(Available data):
--------------------------------
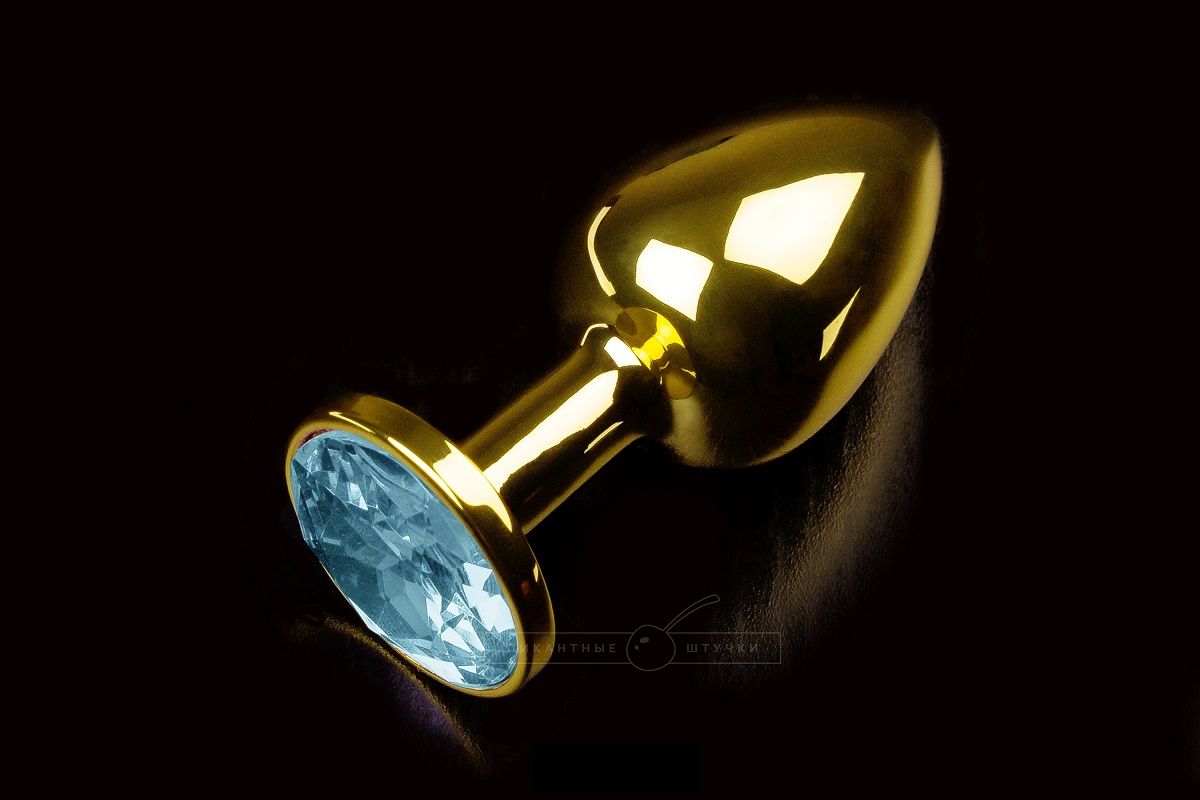 Маленькая золотистая анальная пробка с круглым кончиком и голубым кристаллом - 7 см. – это идеальный выбор для тех, кто хочет попробовать что-то новое и уникальное в своей сексуальной жизни.
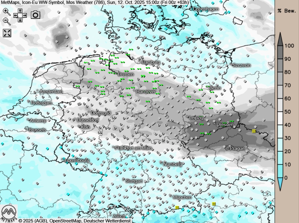 Am Sonntagnachmittag zeigt sich der Himmel über dem Süden und Südwesten wechselnd bis aufgelockert bewölkt. In den übrigen Regionen bleibt der Himmel auch am Nachmittag stark bewölkt oder es ist bedeckt, im Norden und Osten kann zeitweise auch etwas Regen fallen.
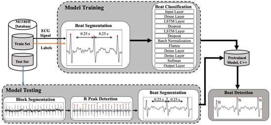 Figure 2 depicts the overall framework of the proposed classification system. The dataset was divided into 60%/20%/20% for training, validation, and test sets, respectively. The model was trained under Edge Impulse Studio®. For training, each NN frame size was set to 0.5 s of ECG data, corresponding to 180 samples for a 360 Hz sampling rate. The features were extracted for each beat and then passed into the classifier network. Three types of DNN models, ANN, CNN, and LSTM models, were tested for the proposed framework. At the end of training, the model was deployed as a C++ library. The C++ library contained all the source code and headers for the classification model. The library was integrated into the BLE chip. Each model training consisted of 50 epochs of training, along with a batch size of 32 and a learning rate of 0.005. An Adam optimizer was used with a learning rate of 0.005 and 1st- and 2nd-moment decay rate of 0.9 and 0.999, respectively. For model testing, the MIT-BIH test dataset was fed as mock data into the wearable device and tested in real time. The pretrained model was evaluated on a set of 21,892 previously unseen heartbeats. The test dataset was partitioned into arrays of 600 beats. Each of the 600 beat arrays was stored in the firmware to test the model’s performance. In total, the test dataset was segmented into 37 arrays to complete the model testing. An ECG block of 10 s was taken for the R peak detection. Upon detecting R peaks, a beat segmentation window of 0.5 s was selected for feature extraction and classification. The 0.5 s window centered on the detected R peak point and traversed 0.25 s forward and backward from the R peak.
--------------------------------
(Exercise instructions):
Would you please output only the lines from the start of the material above up to and including the line with "Am Sonntagnachmittag zeigt", exactly as they appear and without pictures?

(Output of the exercise):
 Маленькая золотистая анальная пробка с круглым кончиком и голубым кристаллом - 7 см. – это идеальный выбор для тех, кто хочет попробовать что-то новое и уникальное в своей сексуальной жизни.
 Am Sonntagnachmittag zeigt sich der Himmel über dem Süden und Südwesten wechselnd bis aufgelockert bewölkt. In den übrigen Regionen bleibt der Himmel auch am Nachmittag stark bewölkt oder es ist bedeckt, im Norden und Osten kann zeitweise auch etwas Regen fallen.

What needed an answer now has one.